Sub-Processor obligations: Solutions4sf imposes data protection obligations on each Sub-Processor that are no less protective than those in this DPA, by means of a written agreement.

8. International Data Transfers

Solutions4sf is based in Ukraine. The Client may be located in the EU, UK, US, or another jurisdiction. International transfers of Personal Data may occur in connection with the Services.
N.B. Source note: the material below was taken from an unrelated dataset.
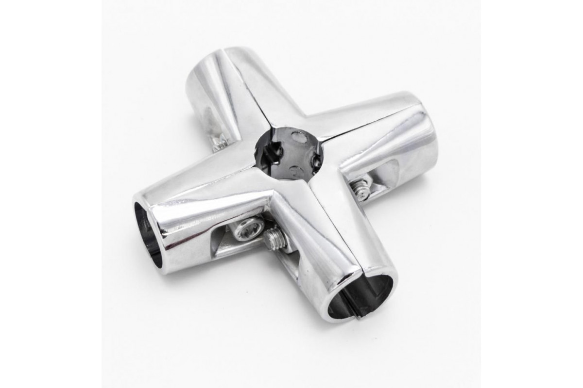Зажим крестообразный для труб в 6-ти направлениях d=25мм, хром, соединяет 5 труб, одна из которых по центру проходит насквозь, а 4 другие перпендикулярно от сквозной. Крепеж позволяет экономить на кол-ве крепежей, задействованных при сборке, так как од
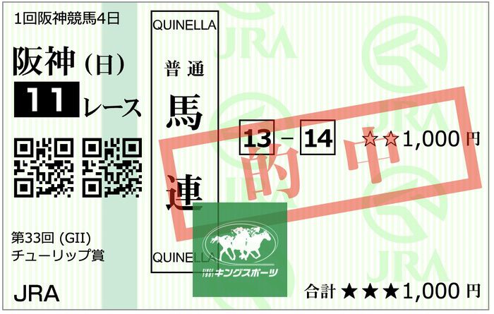 これにより、馬連大本線の1点目で2,960円&3連単30点で1万4,860円のダブル的中に成功。

For transfers from the EU/EEA, UK, or Switzerland to Ukraine or other third countries, Solutions4sf relies on:

• Standard Contractual Clauses (SCCs) as adopted by the European Commission in Decision 2021/914, automatically incorporated into this DPA where applicable.
• UK International Data Transfer Addendum for transfers from the UK.
• Adequacy decisions where they apply.
• Supplementary measures as appropriate, including encryption in transit and at rest.

Ukraine has been recognized for the equivalent level of personal data protection by the European Commission since the adoption of national data protection legislation aligned with GDPR principles.

9. Liability

Each party's liability under this DPA is subject to the limitations of liability set forth in the MSA or SOW, except as provided otherwise by applicable data protection law (e.g., GDPR Article 82 on the right to compensation for damages).

10. Term and Termination

This DPA takes effect on the date the underlying Services agreement (MSA or SOW) is executed and remains in force for as long as Solutions4sf processes Personal Data on behalf of the Client.

Upon termination of the Services agreement, Sections 6.9 (Return or Deletion of Data), 7 (Sub-Processors), 8 (International Data Transfers), and 9 (Liability) survive termination.

11. Conflict and Severability

If any provision of this DPA is found to be invalid or unenforceable, the remaining provisions remain in full force. The parties will replace the invalid provision with one that achieves the same intent within applicable law.

This DPA is the parties' complete and exclusive agreement regarding data processing. It supersedes any prior data processing terms unless explicitly retained.

12. Contact

For data protection inquiries, including requests for a signed DPA copy, breach notifications, or audit coordination:

Email: [email protected]
Subject prefix for DPA matters: "DPA — [Your Company Name]"

Solutions4sf is operated by Serhii Skrypnyk, sole proprietor (ФОП), registered in Ukraine.

This DPA is effective as of April 27, 2026. Solutions4sf may update this DPA from time to time. Material changes will be communicated to active Clients. The latest version is always available at solutions4sf.com/dpa.